= Liberal Party of Canada candidates in the 1997 Canadian federal election =

The Liberal Party of Canada ran a full slate of candidates in the 1997 federal election, and won 155 out of 301 seats to form a majority government. Many of the party's candidates have their own biography pages; information about others may be found here.

==Quebec==
===Richelieu: Jocelyn Paul===
Jocelyn Paul was a retired teacher. She was a supporter of party leader Jean Chrétien in the late 1990s, at a time when some in the party sought to replace him with Paul Martin. She received 13,941 votes (28.91%) in 1997, finishing second against Bloc Québécois incumbent Louis Plamondon.

==Manitoba==
===Heather Mack (Portage—Lisgar)===
Mack was twenty-one years old at the time of the election, and described herself as a restaurant supervisor. She had completed a criminology program at Red River Community College, and was working toward a degree in justice and law enforcement. Mack had also worked for the provincial Department of Justice, and established an inventory program for an aviation company. She supported calls to reform the Canadian Wheat Board, but spoke out against proposals that it be eliminated entirely (Winnipeg Free Press, 30 May 1997).
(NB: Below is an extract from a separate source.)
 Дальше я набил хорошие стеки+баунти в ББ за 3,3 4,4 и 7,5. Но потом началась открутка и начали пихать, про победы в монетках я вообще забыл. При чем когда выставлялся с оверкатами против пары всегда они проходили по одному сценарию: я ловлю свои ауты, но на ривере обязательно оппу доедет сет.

She received 4,913 votes (14.61%), finishing third against Reform Party incumbent Jake Hoeppner and Progressive Conservative Brian Pallister.
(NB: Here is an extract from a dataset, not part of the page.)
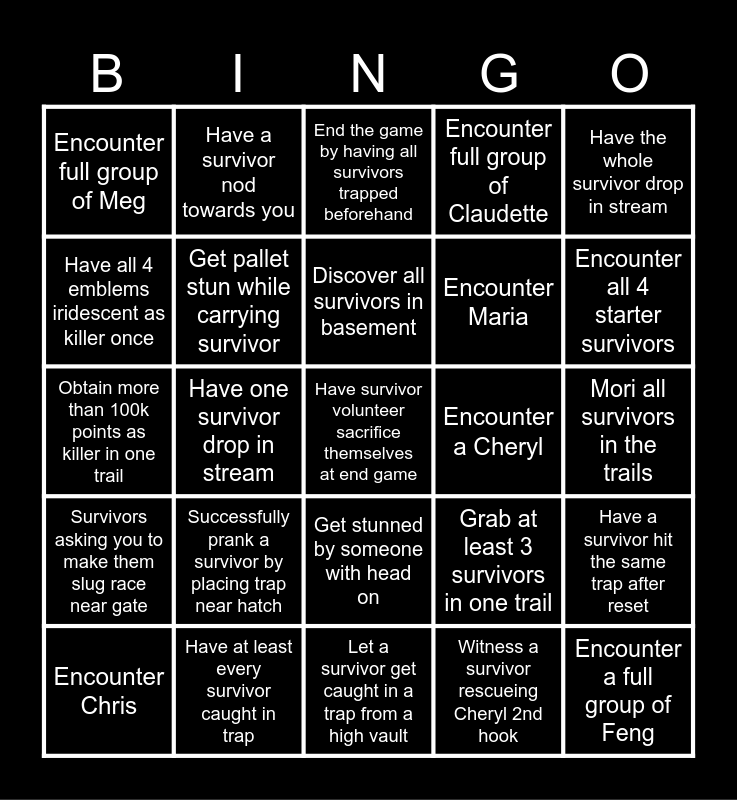 This bingo card has a free space and 24 words: Successfully prank a survivor by placing trap near hatch, Have at least every survivor caught in trap, Discover all survivors in basement, Encounter Chris, Have the whole survivor drop in stream, Encounter full group of Meg, Have all 4 emblems iridescent as killer once, Have a survivor nod towards you, Encounter a Cheryl, Get stunned by someone with head on, Encounter Maria, Obtain more than 100k points as killer in one trail, Grab at least 3 survivors in one trail, Have a survivor hit the same trap after reset, Get pallet stun while carrying survivor, Witness a survivor rescueing Cheryl 2nd hook, Mori all survivors in the trails, End the game by having all survivors trapped beforehand, Encounter all 4 starter survivors, Have one survivor drop in stream, Encounter a full group of Feng, Survivors asking you to make them slug race near gate, Encounter full group of Claudette and Let a survivor get caught in a trap from a high vault.

Mack was later an organizer for Allan Rock's abortive bid to lead the Liberal Party of Canada (Winnipeg Free Press, 12 October 2002), and then served as deputy chief of staff to mayor Glen Murray in Winnipeg.. She worked as Murray's campaign manager in the 2004 federal election, and on one occasion spoke out against homophobic slurs that had been targeted against Murray.

===Rosemary Broadbent (Winnipeg—Transcona)===
Broadbent has been a probation officer and community justice activist. In 1993, provincial Justice Minister Rosemary Vodrey presented her with an award for her activities in the field of public safety.
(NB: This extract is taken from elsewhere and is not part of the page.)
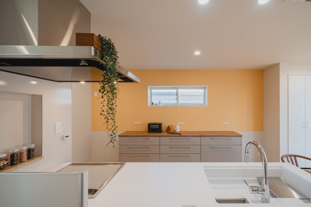 ご夫婦こだわりのマスタードイエローのアクセントクロス。キッチン背面に配置されたこのカラーが、空間全体をパッと明るく彩ります。

When running for office in 1997, Broadbent indicated her support for community-based rehabilitation programs for at-risk youth. She received 7,105 votes (21.46%), finishing second against New Democratic Party incumbent Bill Blaikie. She later organized a justice committee conference in Winnipeg in 1999, bringing together various community justice groups.

In 2006, she was listed as president of the Manitoba Amateur Boxing Association.

==Alberta==
===John Phillips (Calgary Northeast)===

Phillips received 8,646 votes, finishing second against Reform Party incumbent Art Hanger.